Segment Start: DATA
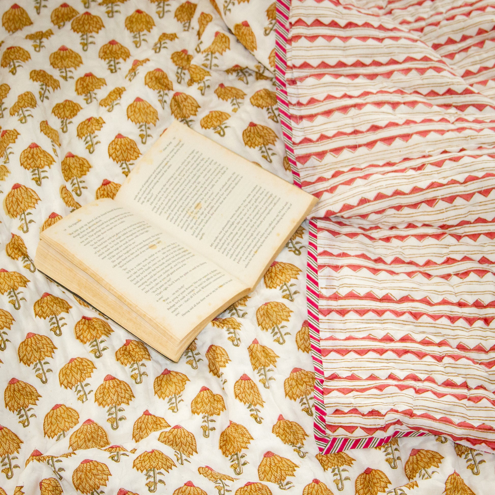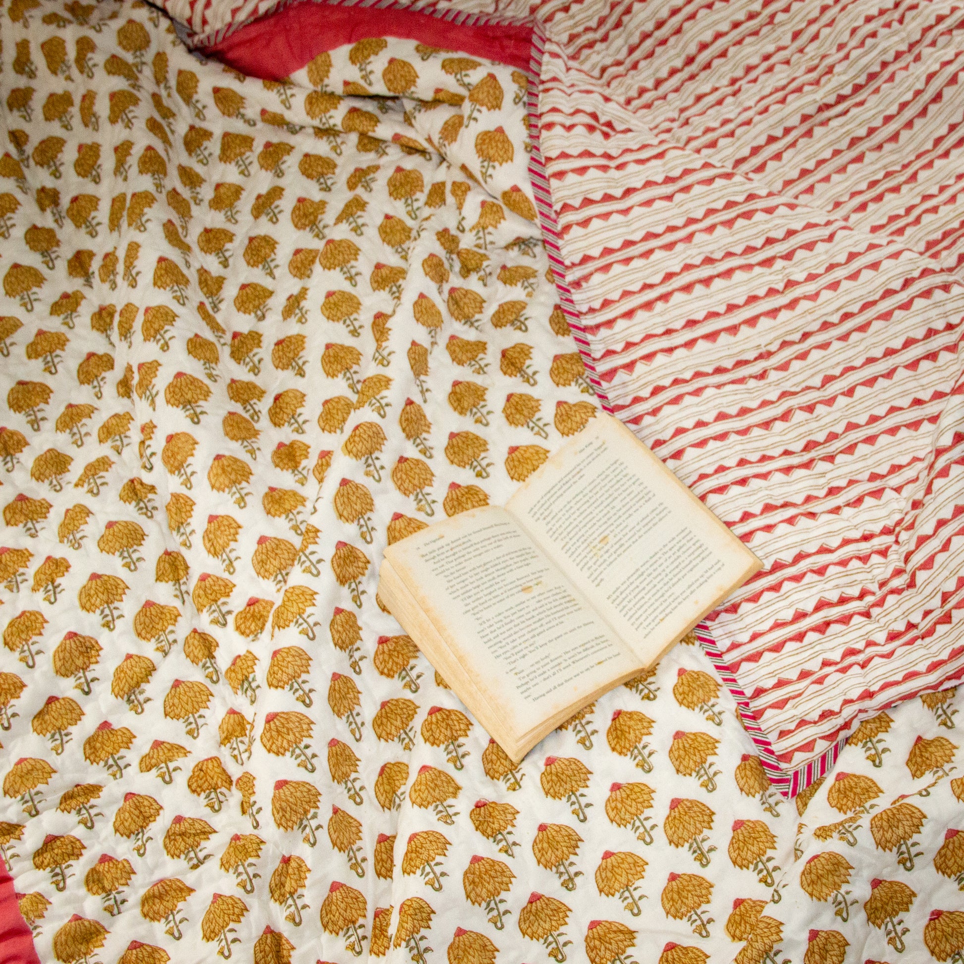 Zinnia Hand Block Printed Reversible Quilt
Segment End: DATA
Segment Start: DATA
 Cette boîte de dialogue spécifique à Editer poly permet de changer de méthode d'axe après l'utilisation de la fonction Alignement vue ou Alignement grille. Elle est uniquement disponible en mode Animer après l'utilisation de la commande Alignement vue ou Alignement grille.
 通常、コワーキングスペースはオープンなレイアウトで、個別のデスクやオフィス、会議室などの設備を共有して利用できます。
Segment End: DATA
**PROBLEM REQUIREMENTS:**
Using the entries above, give again exactly the lines from the line holding "Cette boîte de" through the line holding "通常、コワーキングスペースは". Include both end lines and nothing else.

**SOLUTION:**
 Cette boîte de dialogue spécifique à Editer poly permet de changer de méthode d'axe après l'utilisation de la fonction Alignement vue ou Alignement grille. Elle est uniquement disponible en mode Animer après l'utilisation de la commande Alignement vue ou Alignement grille.
 通常、コワーキングスペースはオープンなレイアウトで、個別のデスクやオフィス、会議室などの設備を共有して利用できます。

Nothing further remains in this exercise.